WHAT NEEDS TO BE DONE:
Exact reproduction of the listing is required. Pictures are not reproduced.

INFORMATION PROVIDED:
☆ ☆ ☆
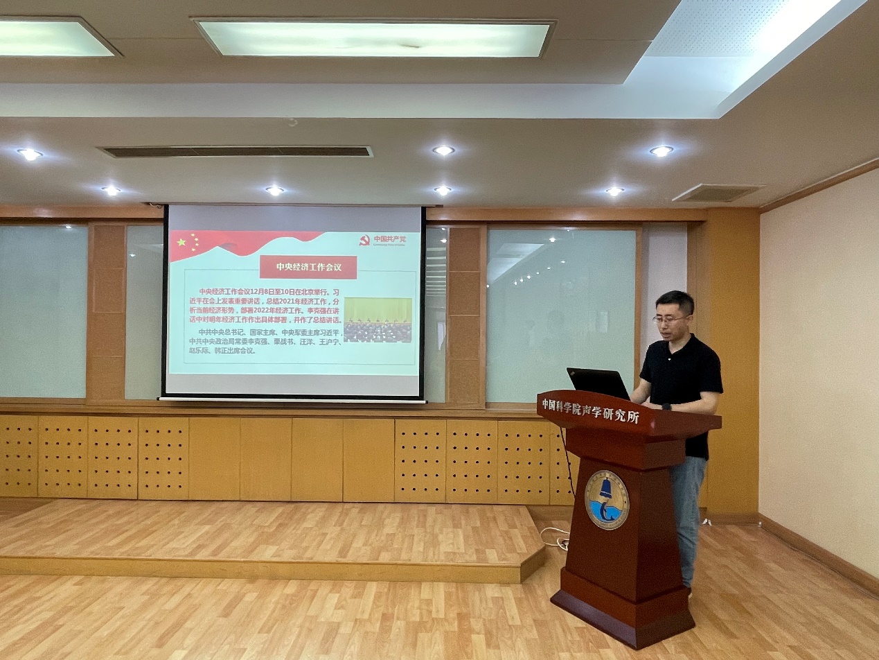学术交流前,声学所青促会小组组长贾晗带领大家共同学习2021年中央经济工作会议精神,并重温了党的十八大以来历次中央经济工作会议。中央经济工作会议是判断当前经济形势和定调第二年宏观经济政策最权威的风向标。作为科研人员,要肩负起新时代赋予的重任,面向国家经济主战场,开展科技创新工作,让科技进步为我国经济实现持续健康的高质量发展作出更大贡献。
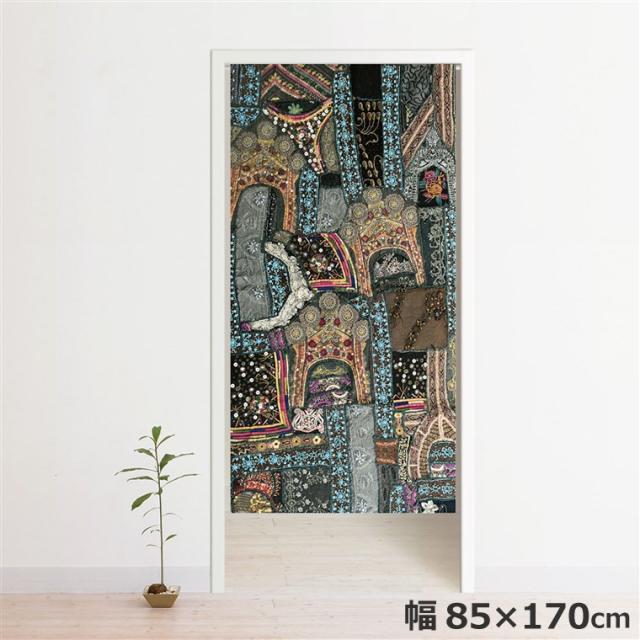 のれん 暖簾 温泉 洗える 目隠し 間仕切り タペストリー オリジナルプリント 転写 約85×170cm エスニック アジアンテイスト アンティーク マルチカラー 170丈 ミラーレース
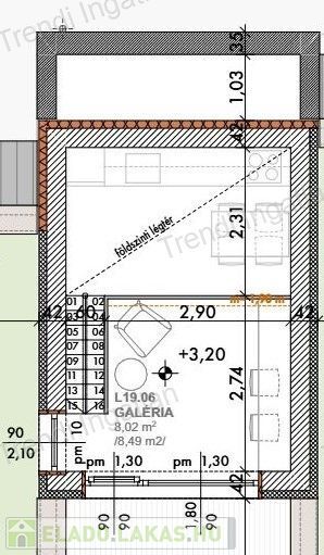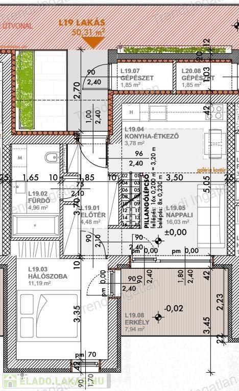 A meghirdetett 1. emeleten található 50,31 nm-es lakásban az alsó szinten amerikai konyhás nappali, szoba, fürdőszoba és előtér található. Nappaliból 7,94 nm-es erkély nyílik. A nappaliból vezető lépcsőn keresztül érhető el a galéria, ami akár hálószobának is alkalmas.
☆ ☆ ☆
WRITTEN ANSWER:
学术交流前,声学所青促会小组组长贾晗带领大家共同学习2021年中央经济工作会议精神,并重温了党的十八大以来历次中央经济工作会议。中央经济工作会议是判断当前经济形势和定调第二年宏观经济政策最权威的风向标。作为科研人员,要肩负起新时代赋予的重任,面向国家经济主战场,开展科技创新工作,让科技进步为我国经济实现持续健康的高质量发展作出更大贡献。
 のれん 暖簾 温泉 洗える 目隠し 間仕切り タペストリー オリジナルプリント 転写 約85×170cm エスニック アジアンテイスト アンティーク マルチカラー 170丈 ミラーレース
 A meghirdetett 1. emeleten található 50,31 nm-es lakásban az alsó szinten amerikai konyhás nappali, szoba, fürdőszoba és előtér található. Nappaliból 7,94 nm-es erkély nyílik. A nappaliból vezető lépcsőn keresztül érhető el a galéria, ami akár hálószobának is alkalmas.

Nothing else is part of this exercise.